Blue light tells your body that it’s too bright outside, so the body doesn’t recognize that it’s already night time and you end up not getting enough sleep.
Studies show that there’s a sensor in our eyes called melanopsin that is sensitive not only to blue light but also to green light.
If you want to go to sleep quickly and stay asleep and sleep deeply, blocking both blue and green lights an hour or two before sleep is really, really important.
When you block the blue and green light, you see the world through red. And when your body has these lights being filtered, it thinks it’s dark.
Blue light is not necessarily bad for you. But getting too much blue light at the wrong time of the day or in the evening, that’s what can have a negative impact on your sleep and your health overall.

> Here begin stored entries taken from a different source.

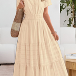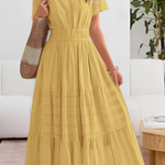 De Freya Zonnige Charme Maxi-jurk met Lagen combineert ontspannen vrouwelijkheid met tijdloze stijl. Met een flatterende gesmokte taille, vloeiende gelaagde rok en een bescheiden split halslijn is deze jurk ideaal voor zowel casual dagen als feestelijke momenten. Gemaakt van lichtgewicht stof die moeiteloos valt en prachtig meebeweegt, zodat je er de hele dag stijlvol en comfortabel uitziet.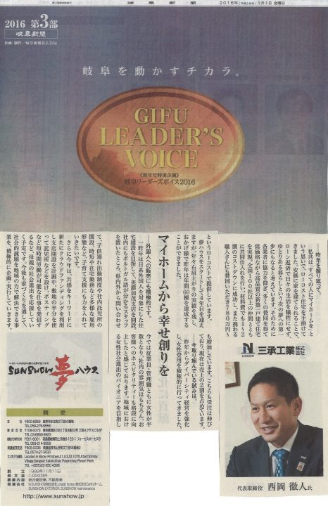 岐阜新聞の岐阜リーダーズボイス2016に掲載されました。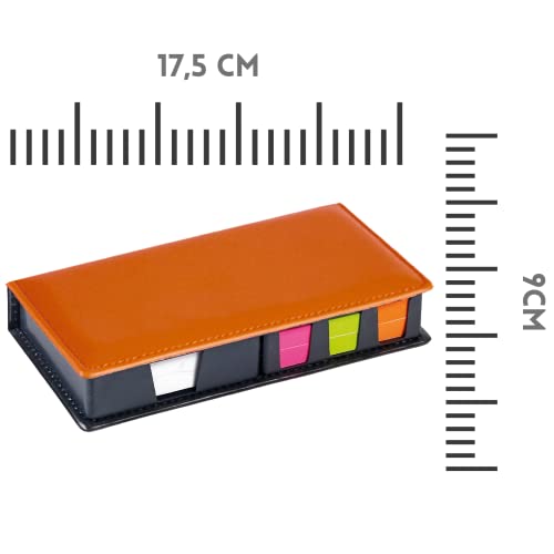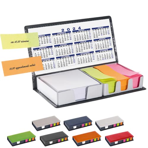 [ IL PRODOTTO ] Misura complessiva da cm 17,5xh3x9 c.a. rigido con 3 vani contenenti foglietti colorati adesivi ed 1 vano con foglietti bianchi per appunti non adesivi. Coperchio in ecopelle che ospita la stampa lungo tutta la superficie.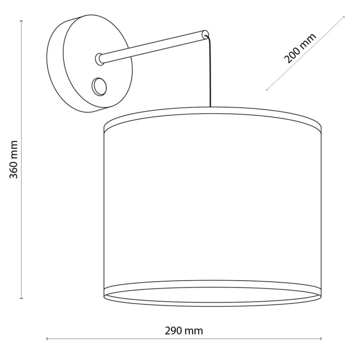 - Włącznik światła w kinkiecie LIBERIA jest wmontowany w podstawę, którą mocuje się do ściany, by zawiesić kinkiet.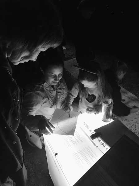 Партисипаторная световая инсталляция о смене жизненных приоритетов. Художница ставит перед собой задачу сбора анонимных размышлений различных людей и, не модернизируя информацию, заключает её в письменный формат.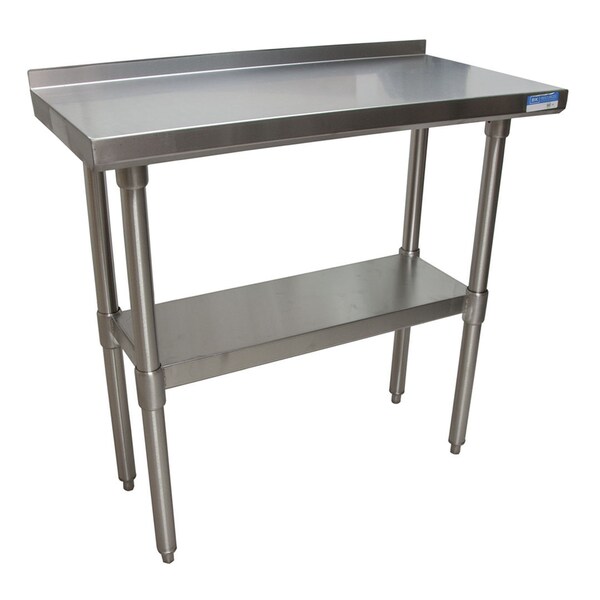 This Work Table measures 48"Wx18"D. The top is made from 18/430 Stainless Steel which is reinforced with channels and has turndown edges on the front and sides. The 1-1/2" rear riser prevent objects from sliding off. Table legs are made from stainless steel and are 1 5/8" in diameter. The stainless steel undershelf and plastic bullet feet are adjustable. This table is tested and certified by NSF.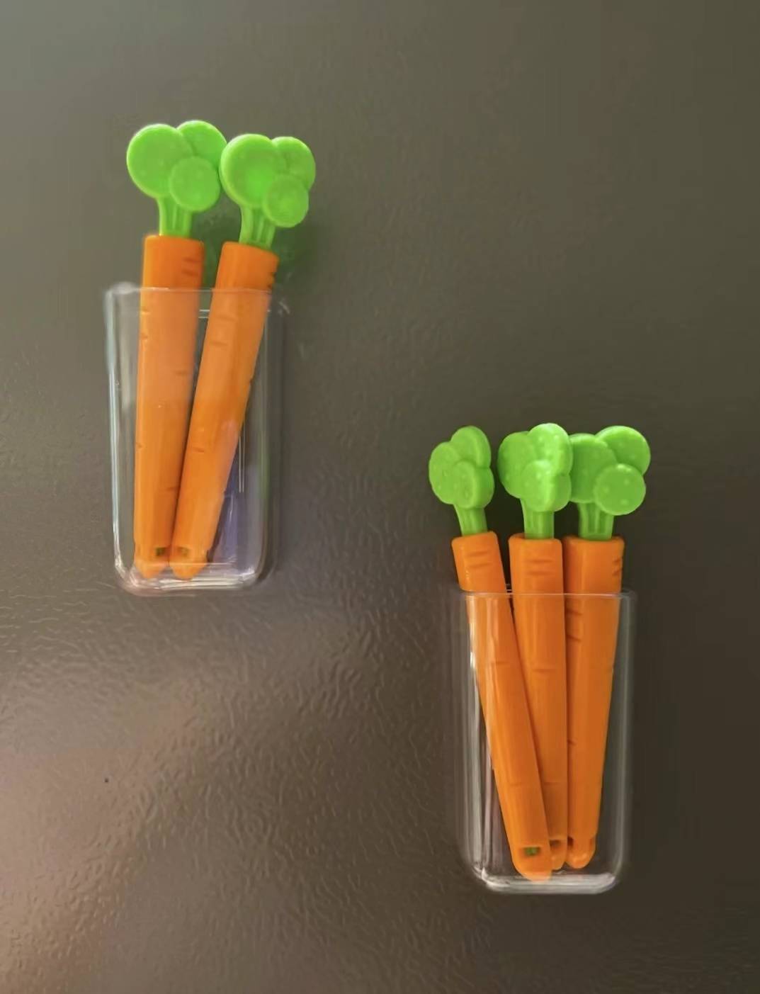 设计师可能也想到,毕竟是用在厨房的东西,得有点联系才有趣,所以想到将密封夹做成胡萝卜的样子。

We don’t just absorb light through our eyes, we also absorb light through our skin.
Aim to get a solid two to three hours of natural sunlight outside, ideally in the morning.
Consider using a HumanCharger to increase your energy levels.
Make sure that your sleeping area or your bedroom is totally dark by using blackout curtains.
If you have an electric clock in your bedroom, unplug it, or choose one that has red lettering and that is dimmable and dim it as low as you can.
Before bed, keep the lights out, or get a lamp that has a red bulb.
Use halogens or incandescent lights instead of fluorescent lights in your house.
“When you have companies like Apple and Samsung and Android making filters to tone down the amount of blue that’s in their products at night because they recognize that it’s a problem, that says that this is a universal, international problem.”
“Everyone has different reactions to light. Some people are super light sensitive, others are not. But when it comes down to it, sleep is a universal thing… If you have a challenge in your life, start with your sleep because it impacts everything else.”
Thanks for listening!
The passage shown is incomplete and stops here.